第19条 有期労働契約であって次の各号のいずれかに該当するものの契約期間が満了する日までの間に労働者が当該有期労働契約の更新の申込みをした場合又は当該契約期間の満了後遅滞なく有期労働の締結の申込みをした場合であって使用者が当該申込みを拒絶することが、客観的に合理的な理由を欠き、社会通念上相当であると認められないときは、使用者は、従前の有期労働契約の内容である労働条件と同一の労働条件で当該申込みを承諾したものとみなす。

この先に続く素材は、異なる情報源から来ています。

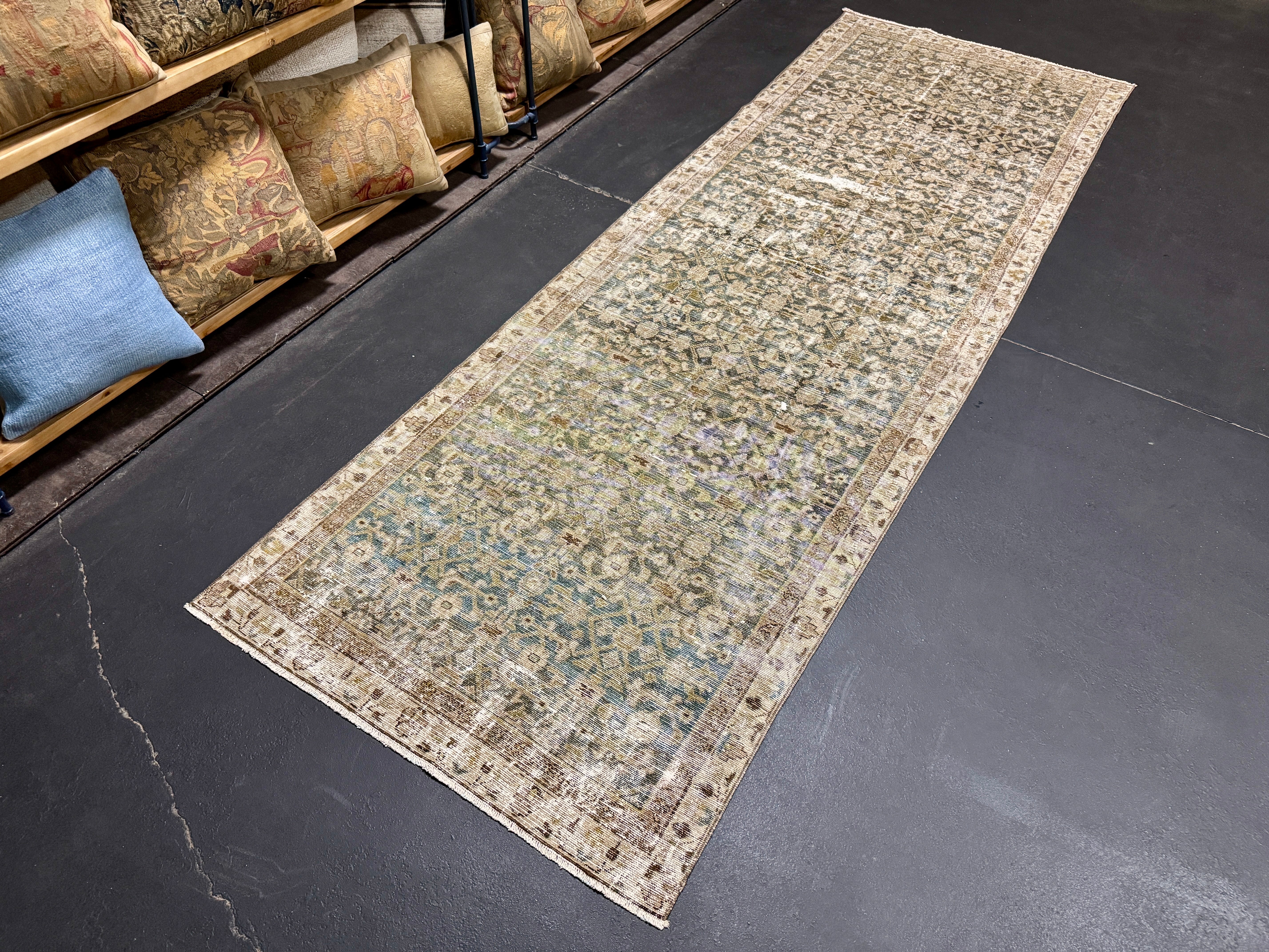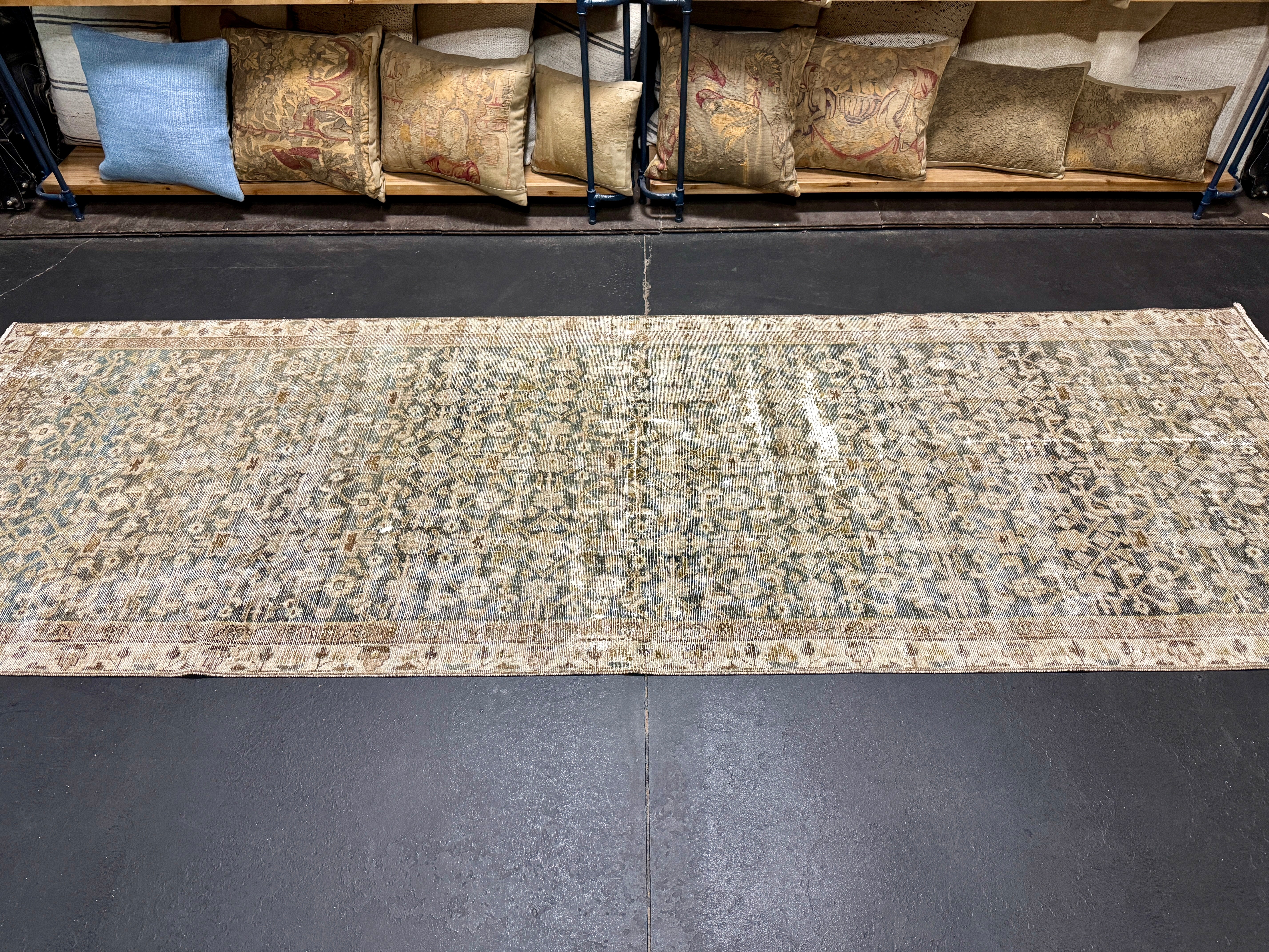 Restoration is the process to turn a vintage rug into a pristine, repaired, blocked and stretched work of art. All of our professionally restored pieces are immaculately clean and ready for your home.

一 当該有期労働契約が過去に反復して更新されたことがあるものであって、その契約期間の満了時に当該有期労働契約を更新しないことにより当該有期労働契約を終了させることが、期間の定めのない労働契約を締結している労働者に解雇の意思表示をすることにより当該期間の定めのない労働契約を終了させることと社会通念上同視できると認められること。

二 当該労働者において当該有期労働契約の契約期間の満了時に当該有期労働契約が更新されるものと期待することについて合理的な理由があるものであると認められること。



3.期間の定めがあることによる不合理な労働条件の禁止

 有期契約労働者の労働条件が、期間の定めがあることにより無期契約労働者の労働条件と相違する場合、その相違は、職務の内容や配置の変更の範囲等を考慮して、不合理と認められるものであってはならないとしています。

第20条 有期労働契約を締結している労働者の労働契約の内容である労働条件が、期間の定めがあることにより同一の使用者と期間の定めのない労働契約を締結している労働者の労働契約の内容である労働条件と相違する場合においては、当該労働条件の相違は、労働者の業務の内容及び当該業務に伴う責任の程度(以下この条において「職務の内容」という。)、当該職務の内容及び配置の変更の範囲その他の事情を考慮して、不合理と認められるものであってはならない。